| Exercise |
Where the data below begins, start retyping exactly, and end on the line with "FRANCE / CAPÉTIENS", which is included; no picture goes in.

| Records for the exercise |
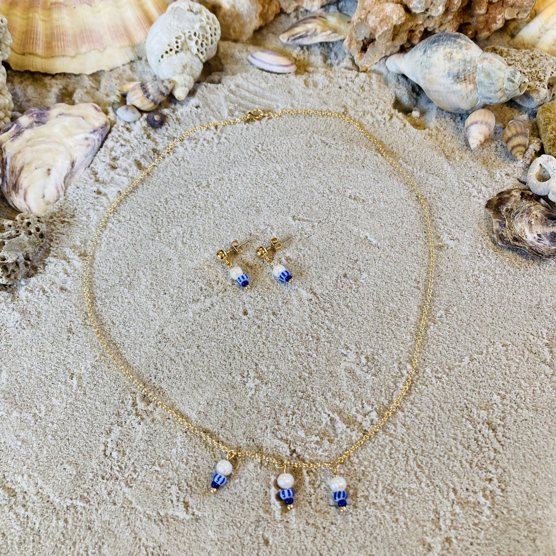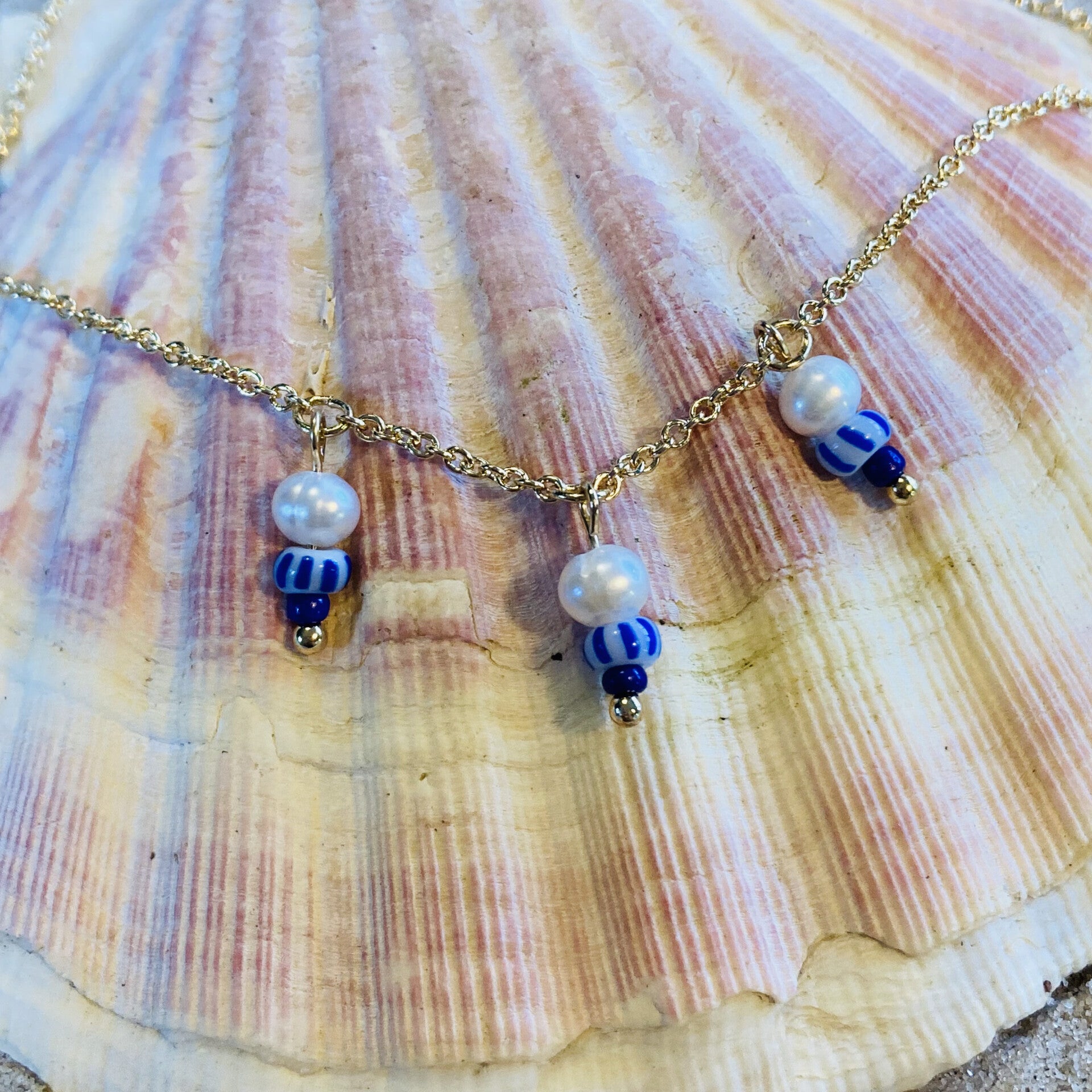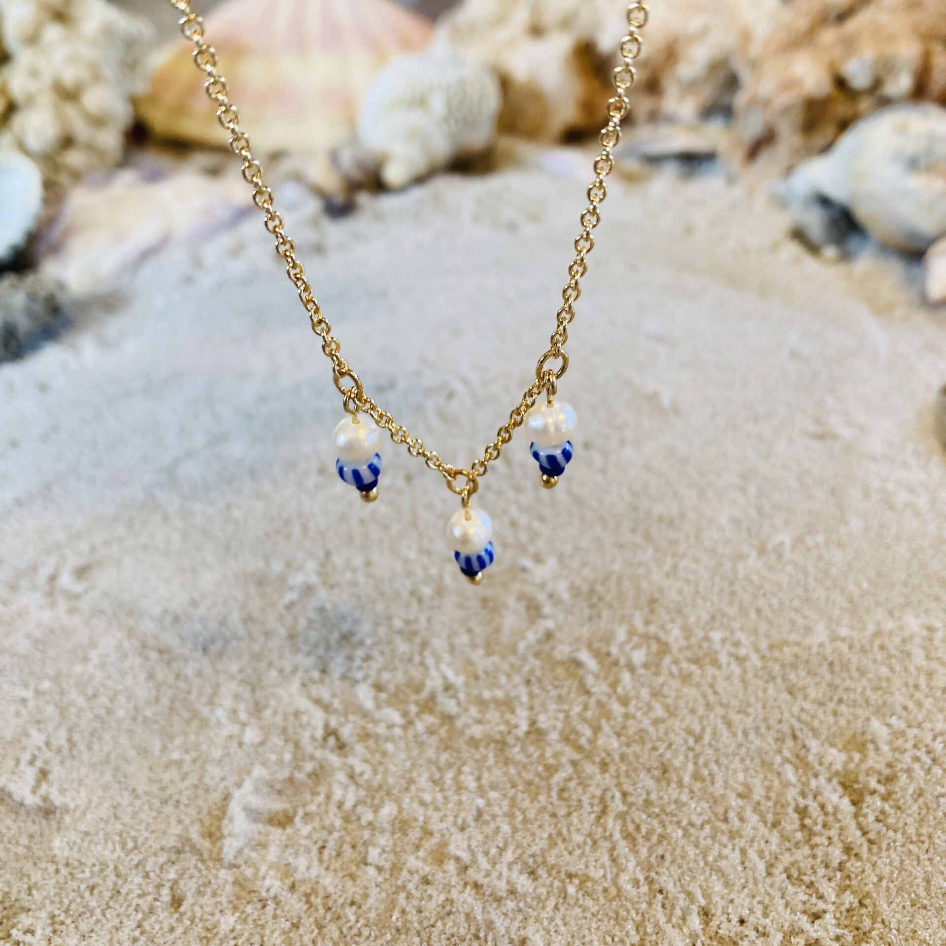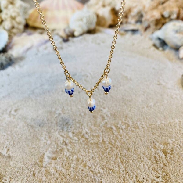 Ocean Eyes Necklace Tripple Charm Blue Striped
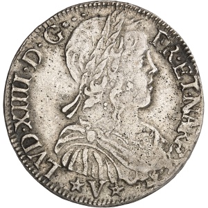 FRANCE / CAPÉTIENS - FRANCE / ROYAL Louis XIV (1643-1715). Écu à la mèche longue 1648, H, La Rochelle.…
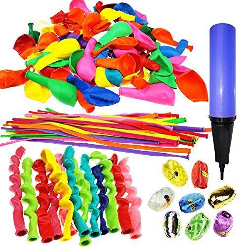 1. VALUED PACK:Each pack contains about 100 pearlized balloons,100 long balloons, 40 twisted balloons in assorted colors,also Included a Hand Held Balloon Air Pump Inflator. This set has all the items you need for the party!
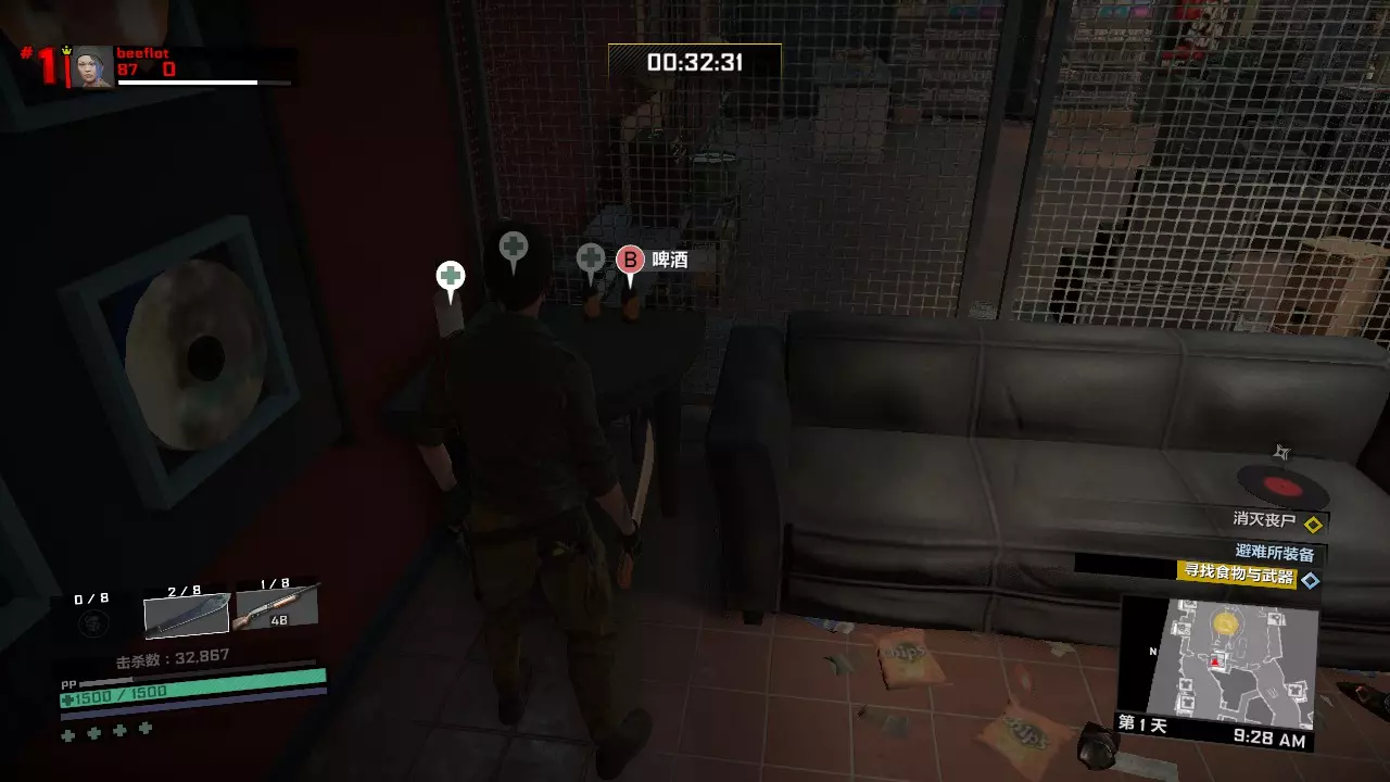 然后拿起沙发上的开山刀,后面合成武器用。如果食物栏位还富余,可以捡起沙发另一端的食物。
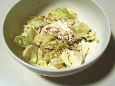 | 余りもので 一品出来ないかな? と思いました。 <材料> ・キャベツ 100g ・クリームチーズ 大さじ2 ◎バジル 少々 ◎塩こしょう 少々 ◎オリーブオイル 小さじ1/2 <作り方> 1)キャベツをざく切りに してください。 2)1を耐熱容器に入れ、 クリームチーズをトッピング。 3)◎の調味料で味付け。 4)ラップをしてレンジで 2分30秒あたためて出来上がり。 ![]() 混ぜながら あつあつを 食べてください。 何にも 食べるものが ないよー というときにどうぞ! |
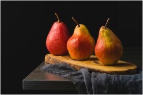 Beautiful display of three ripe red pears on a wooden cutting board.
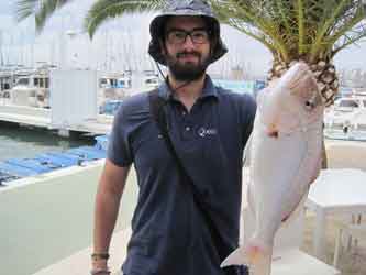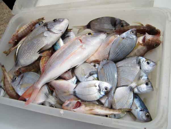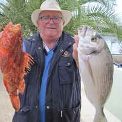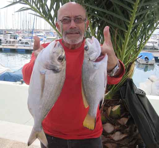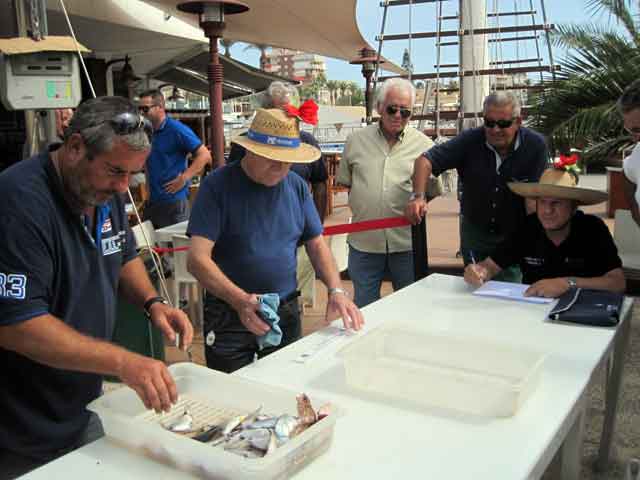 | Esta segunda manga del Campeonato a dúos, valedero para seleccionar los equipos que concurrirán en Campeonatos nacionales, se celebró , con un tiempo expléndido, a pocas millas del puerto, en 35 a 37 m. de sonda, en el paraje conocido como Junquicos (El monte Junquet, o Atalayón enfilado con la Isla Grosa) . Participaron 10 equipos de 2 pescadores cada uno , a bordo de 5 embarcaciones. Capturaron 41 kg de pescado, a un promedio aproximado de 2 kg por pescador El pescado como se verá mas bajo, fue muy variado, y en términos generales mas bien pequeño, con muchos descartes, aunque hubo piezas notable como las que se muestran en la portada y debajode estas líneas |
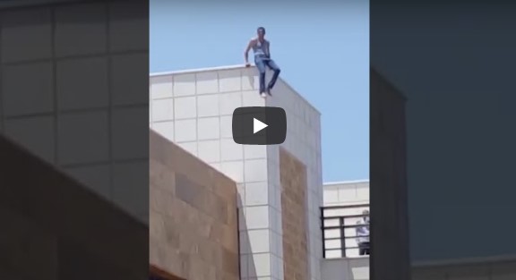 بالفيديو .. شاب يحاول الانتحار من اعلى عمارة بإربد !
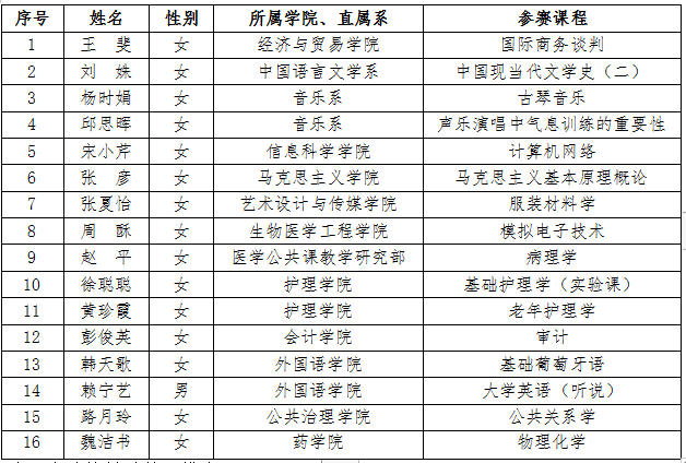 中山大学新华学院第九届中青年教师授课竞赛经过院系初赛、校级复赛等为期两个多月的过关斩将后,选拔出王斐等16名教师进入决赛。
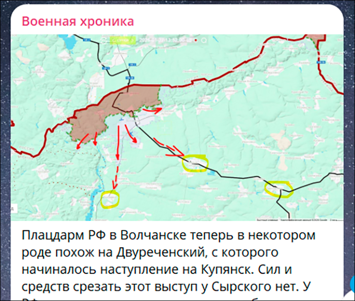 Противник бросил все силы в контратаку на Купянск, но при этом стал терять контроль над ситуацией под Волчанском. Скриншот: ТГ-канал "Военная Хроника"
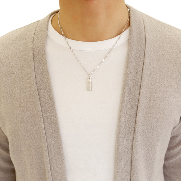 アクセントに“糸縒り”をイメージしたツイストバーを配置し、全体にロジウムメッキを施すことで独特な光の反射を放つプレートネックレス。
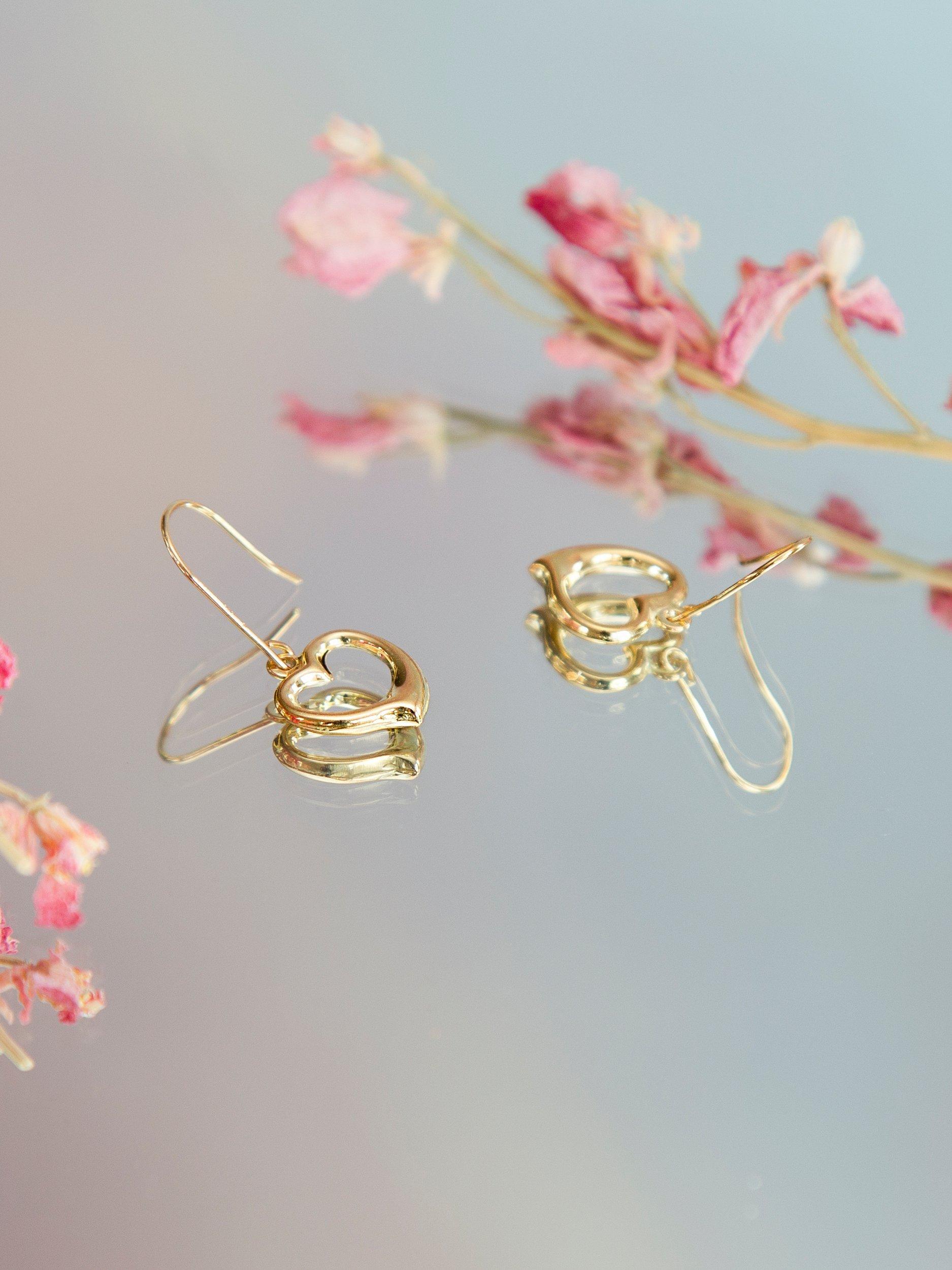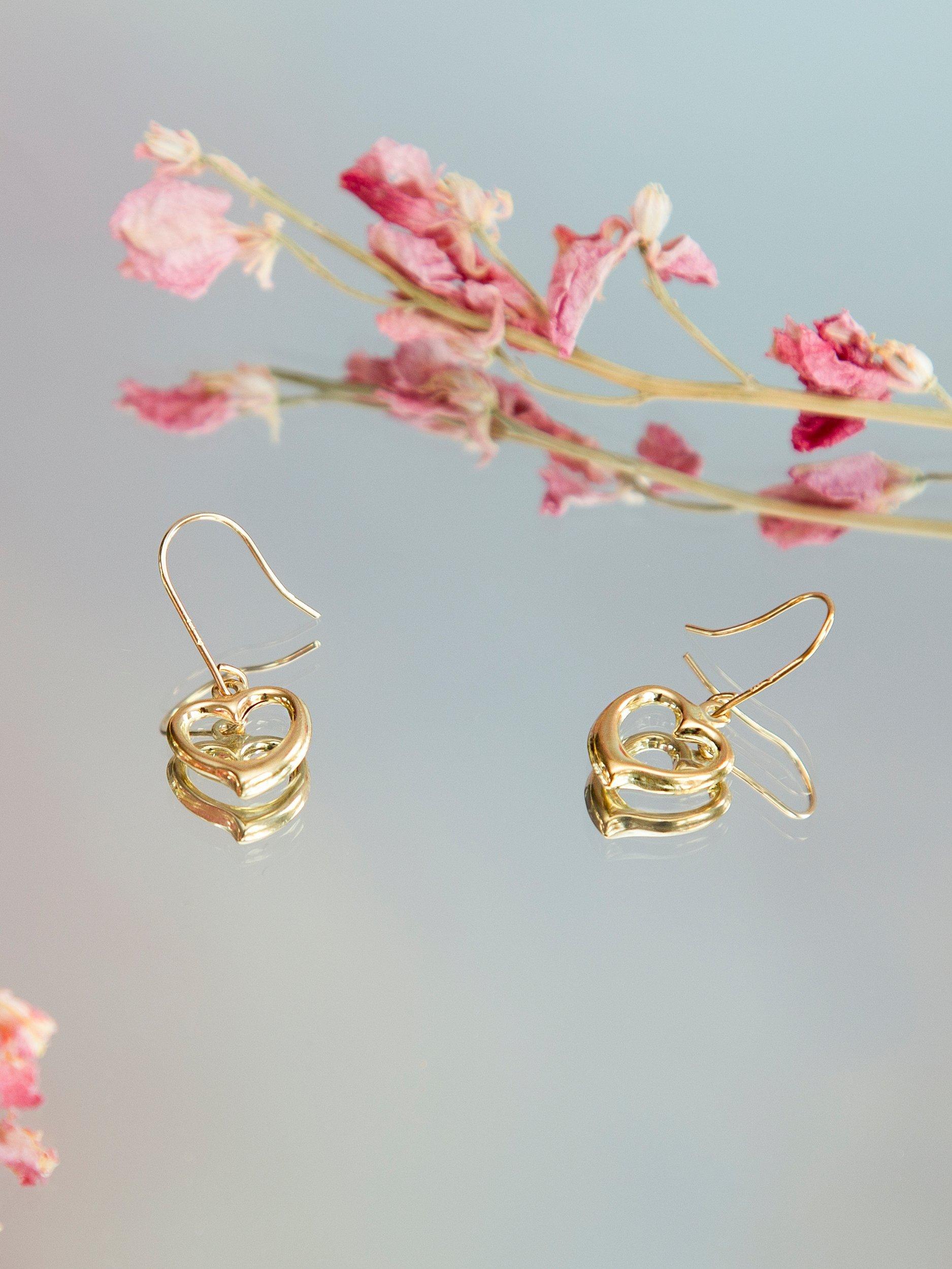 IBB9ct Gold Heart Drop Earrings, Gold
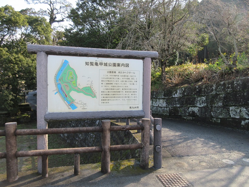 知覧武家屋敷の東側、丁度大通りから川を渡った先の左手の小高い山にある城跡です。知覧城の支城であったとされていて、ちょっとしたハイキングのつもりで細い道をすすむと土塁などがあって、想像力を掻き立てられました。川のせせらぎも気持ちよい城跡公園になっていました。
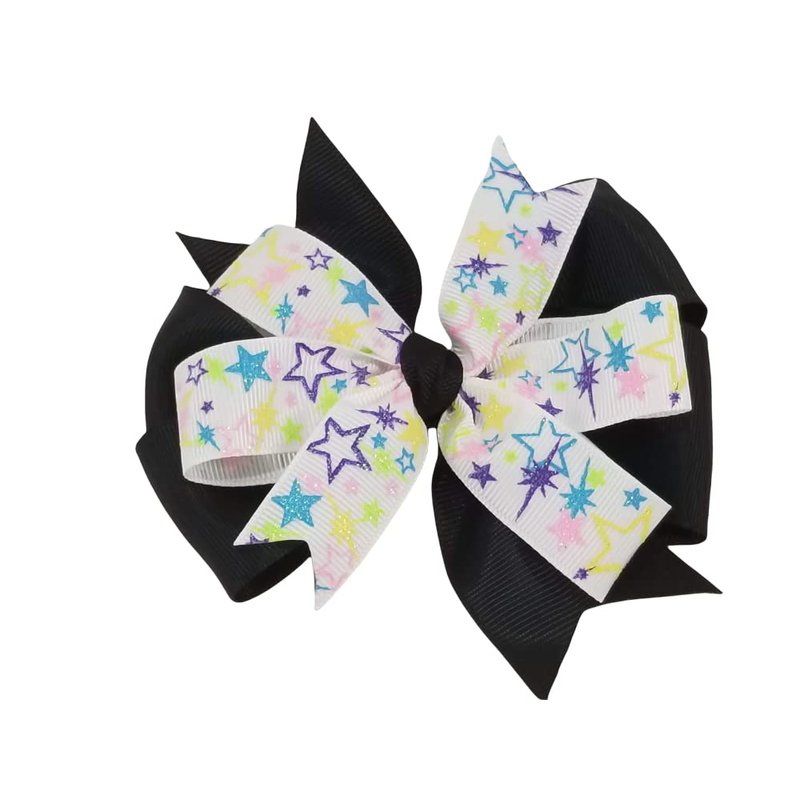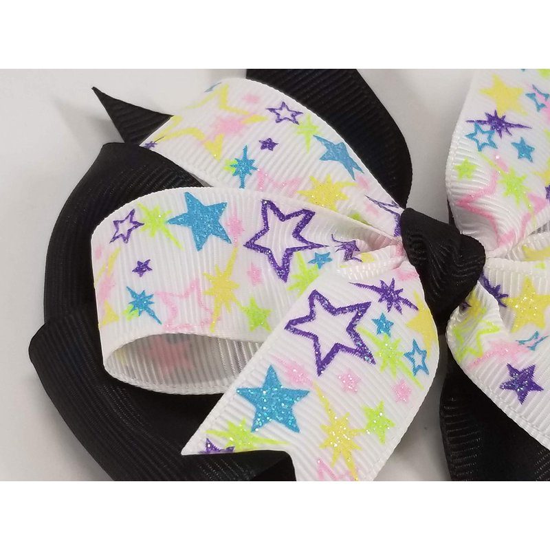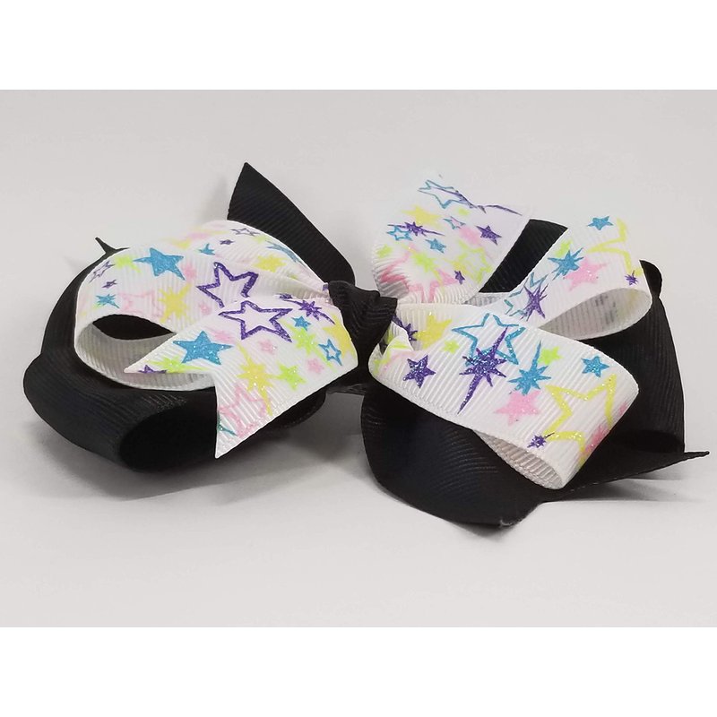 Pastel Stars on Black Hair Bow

| Solved problem |
 Ocean Eyes Necklace Tripple Charm Blue Striped
 FRANCE / CAPÉTIENS - FRANCE / ROYAL Louis XIV (1643-1715). Écu à la mèche longue 1648, H, La Rochelle.…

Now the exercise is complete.